- [Your goal] Keep the wording of the records intact as you retype them, and omit every image.

- [Data to use]
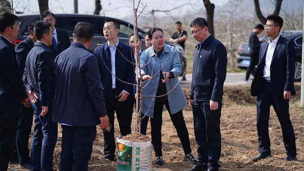解志炯深入田间地头和村街小巷、村委会大院,详细查看了近年来公司在武安村修筑的深井和饮水、灌溉、电力工程,了解公司去年支持建设的苹果高接换种示范园、果蔬杂粮冷库和近期正在建设的高标准苹果矮化示范园情况,检查今年春季公司支持在三条村巷道路栽植的高杆月季,参观了修缮一新的村委会办公条件、群众剧台、幸福院等项目,与镇、村干部和驻村工作队座谈研究深入推进帮扶工作。
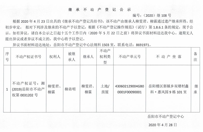 继承(受遗赠)不动产登记公告(柳霖)
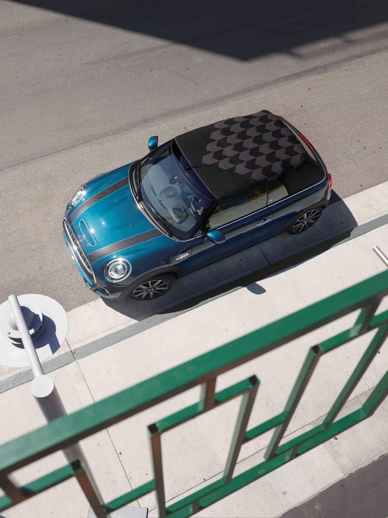 The MINI Convertible Sidewalk Edition combines iconic with contemporary to create aesthetically compelling contrasts. An extra touch of exclusivity is added with the Deep Laguna Metallic exterior colour that is specially developed for this edition, the striking geometric pattern of the soft-top electric roof that opens within 20 seconds makes a lasting impression along with the specially designed 43.18 cm/17″ light-alloy wheel Scissor Spoke 2-tone. Individual side scuttles in the Sidewalk design, door sill finishers made of brushed aluminum also in Sidewalk design and striking bonnet stripes with delicate pinstripes further complement and enhance its unique look.
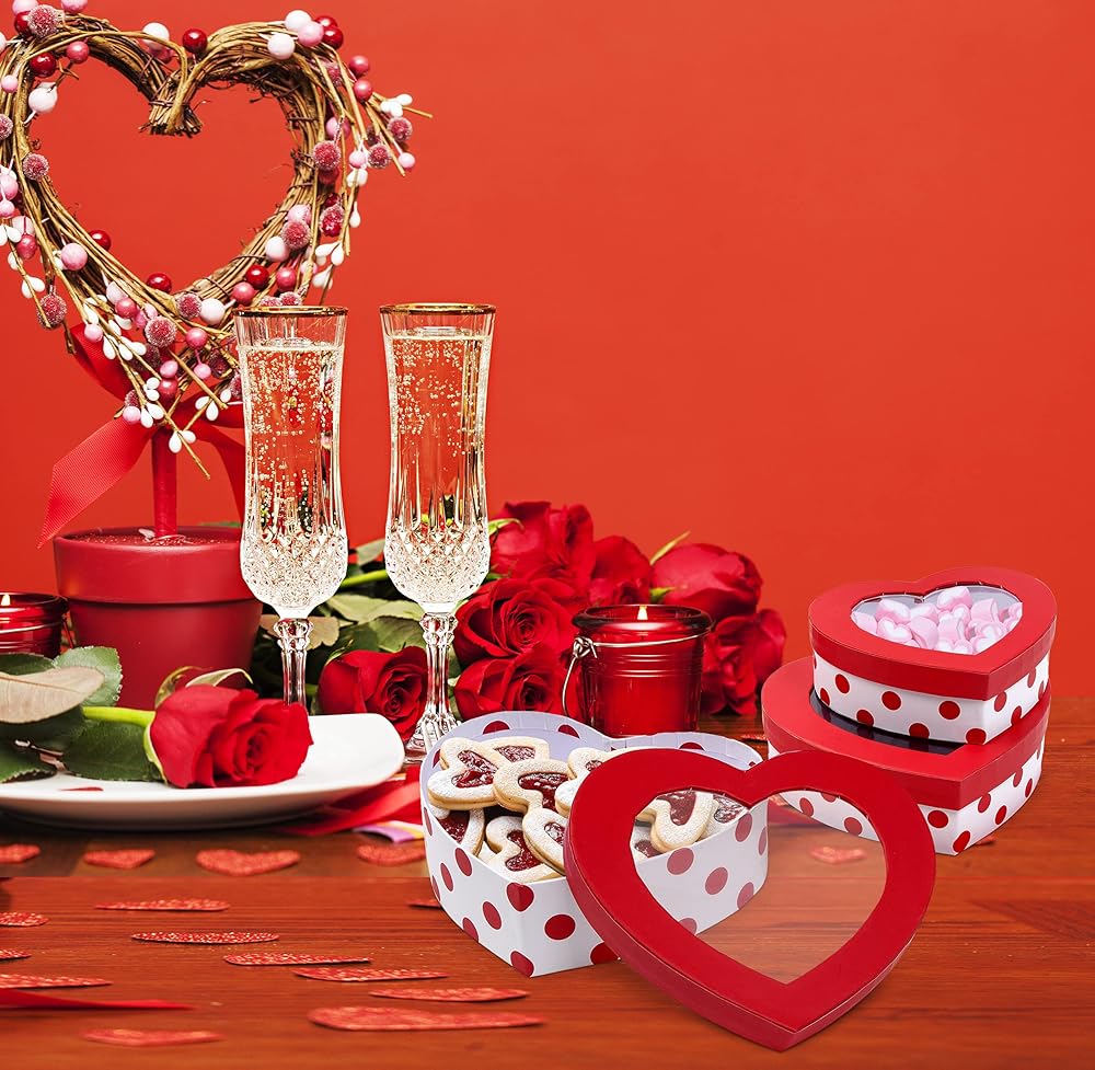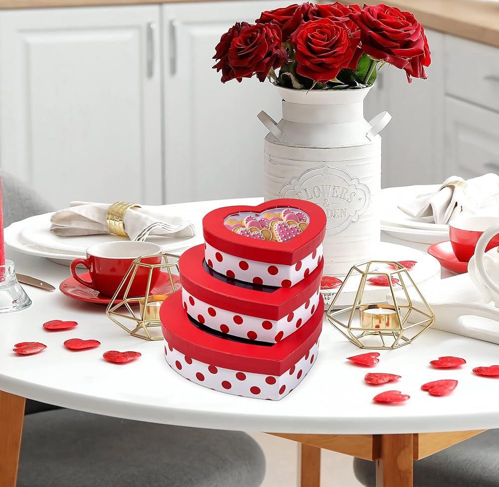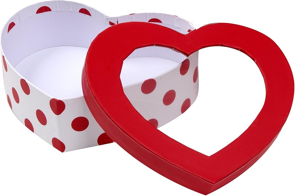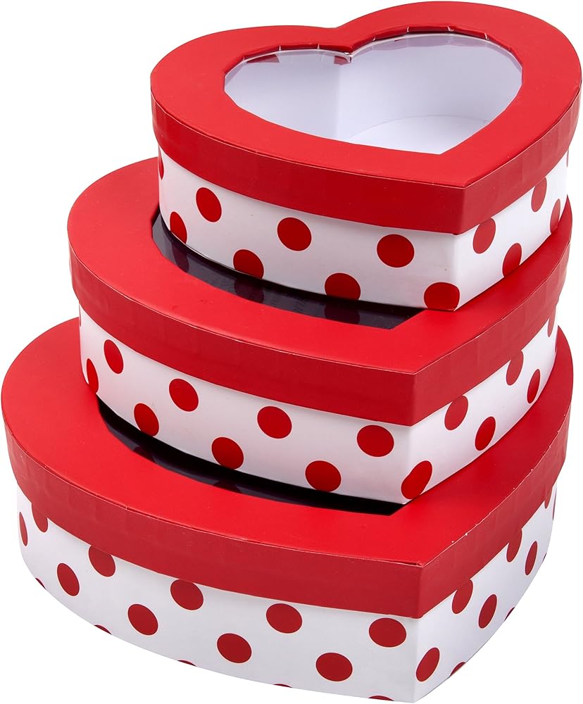 Send your special someone sweet treats packaged in a valentine's day heart-shaped treat box. Valentine Heart Boxes FIlled cupcakes, candies or cookies with make an awesome gift for family, friends and work colleagues. Each box features a White and Red Polka Dot Design with Red Cover and Clear Window. Set of 3 Boxes; Size: Large:8.4” X 7.3”X 2.5”,Medium: 7.6” X 6.5” X 2.2”, Small: 6” X5.5” X 2.0”. Set of 3.
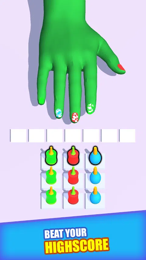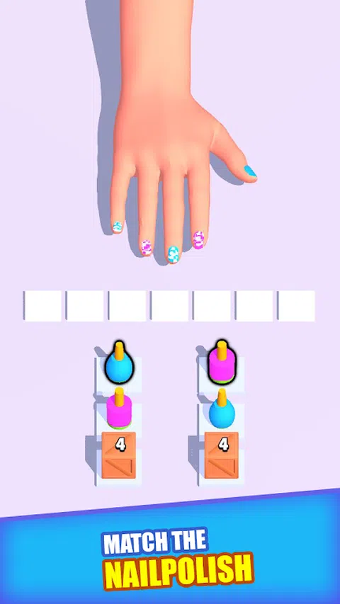 在这款指甲油匹配益智游戏中锻炼您的大脑。点击未被困住的指甲油以疏通它们。匹配 3 种颜色来绘制指甲。不要让您的托盘空间不足
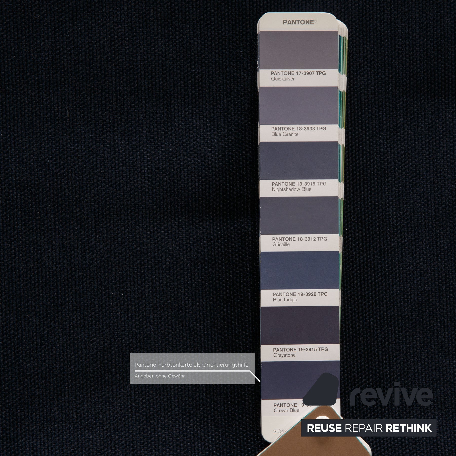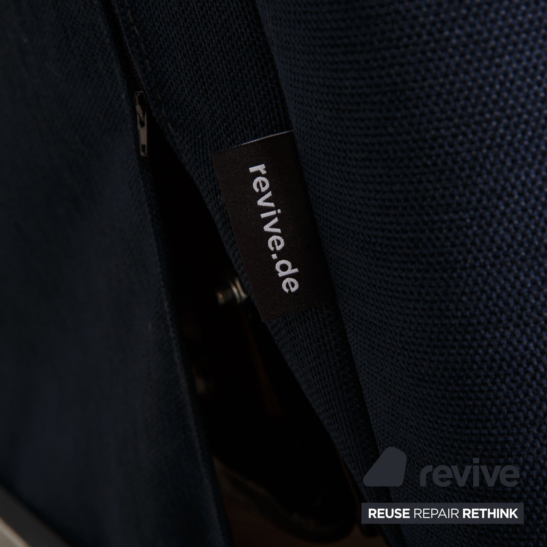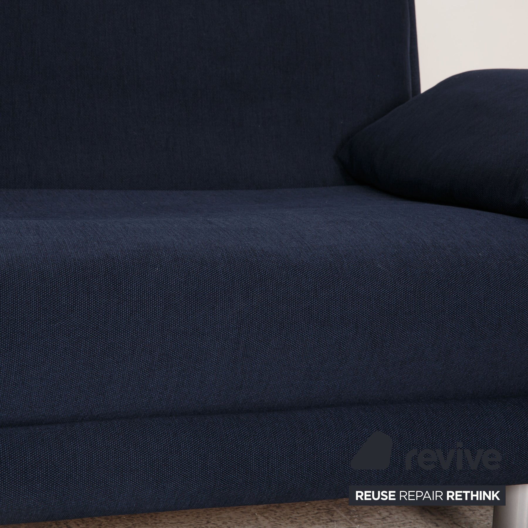 The Multy sofa from ligne roset is reupholstered with a blue fabric (JOOP! BASIC FLAT 805-690 So.Po. uni FL Material: 100% polyester) and stands on silver metal feet. The timeless design and the comfortable sleeping function characterize the two-seater.
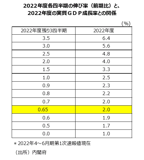●「令和4年度の内閣府年央試算」の22年度実質GDP成長率・前年度比+2.0%を達成するには、22年度残り3四半期で各々前期比年率+2.6%(前期比+0.65%)が必要である。21年度から22年度へのゲタは+0.4%だ。なお、22年度各四半期が前期比0.0%ずつだと22年度実質GDP成長率・前年度比は+1.0%に、前期比+0.5%ずつだと22年度実質GDP成長率・前年度比は+1.7%になる。
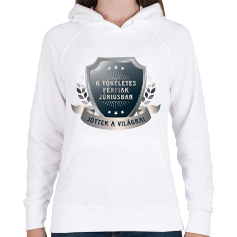 1 kép PRINTFASHION A tökéletes férfiak június - Női kapucnis pulóver - Fehér
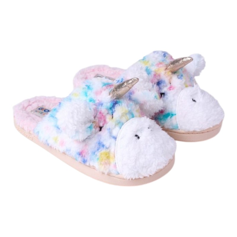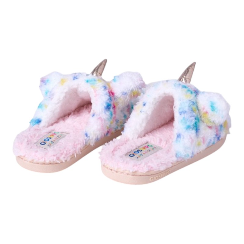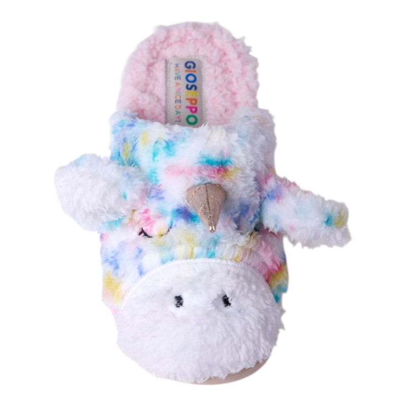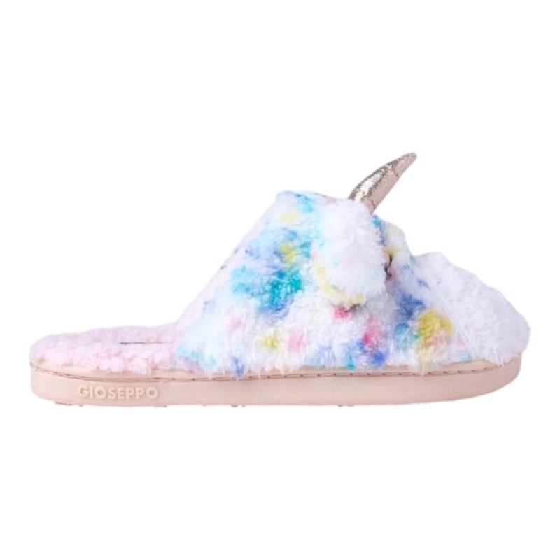 Zapatillas para estar por casa de la marca Gioseppo en multicolor con pelo y con un diseño muy divertido y bonito con el detalle del unicornio con el cuerno y las orejas, que las hacen muy cuquis y perfectas para no pasar frío esta temporada.

- [Completed task]
解志炯深入田间地头和村街小巷、村委会大院,详细查看了近年来公司在武安村修筑的深井和饮水、灌溉、电力工程,了解公司去年支持建设的苹果高接换种示范园、果蔬杂粮冷库和近期正在建设的高标准苹果矮化示范园情况,检查今年春季公司支持在三条村巷道路栽植的高杆月季,参观了修缮一新的村委会办公条件、群众剧台、幸福院等项目,与镇、村干部和驻村工作队座谈研究深入推进帮扶工作。
 继承(受遗赠)不动产登记公告(柳霖)
 The MINI Convertible Sidewalk Edition combines iconic with contemporary to create aesthetically compelling contrasts. An extra touch of exclusivity is added with the Deep Laguna Metallic exterior colour that is specially developed for this edition, the striking geometric pattern of the soft-top electric roof that opens within 20 seconds makes a lasting impression along with the specially designed 43.18 cm/17″ light-alloy wheel Scissor Spoke 2-tone. Individual side scuttles in the Sidewalk design, door sill finishers made of brushed aluminum also in Sidewalk design and striking bonnet stripes with delicate pinstripes further complement and enhance its unique look.
 Send your special someone sweet treats packaged in a valentine's day heart-shaped treat box. Valentine Heart Boxes FIlled cupcakes, candies or cookies with make an awesome gift for family, friends and work colleagues. Each box features a White and Red Polka Dot Design with Red Cover and Clear Window. Set of 3 Boxes; Size: Large:8.4” X 7.3”X 2.5”,Medium: 7.6” X 6.5” X 2.2”, Small: 6” X5.5” X 2.0”. Set of 3.
 在这款指甲油匹配益智游戏中锻炼您的大脑。点击未被困住的指甲油以疏通它们。匹配 3 种颜色来绘制指甲。不要让您的托盘空间不足
 The Multy sofa from ligne roset is reupholstered with a blue fabric (JOOP! BASIC FLAT 805-690 So.Po. uni FL Material: 100% polyester) and stands on silver metal feet. The timeless design and the comfortable sleeping function characterize the two-seater.
●「令和4年度の内閣府年央試算」の22年度実質GDP成長率・前年度比+2.0%を達成するには、22年度残り3四半期で各々前期比年率+2.6%(前期比+0.65%)が必要である。21年度から22年度へのゲタは+0.4%だ。なお、22年度各四半期が前期比0.0%ずつだと22年度実質GDP成長率・前年度比は+1.0%に、前期比+0.5%ずつだと22年度実質GDP成長率・前年度比は+1.7%になる。
 1 kép PRINTFASHION A tökéletes férfiak június - Női kapucnis pulóver - Fehér
 Zapatillas para estar por casa de la marca Gioseppo en multicolor con pelo y con un diseño muy divertido y bonito con el detalle del unicornio con el cuerno y las orejas, que las hacen muy cuquis y perfectas para no pasar frío esta temporada.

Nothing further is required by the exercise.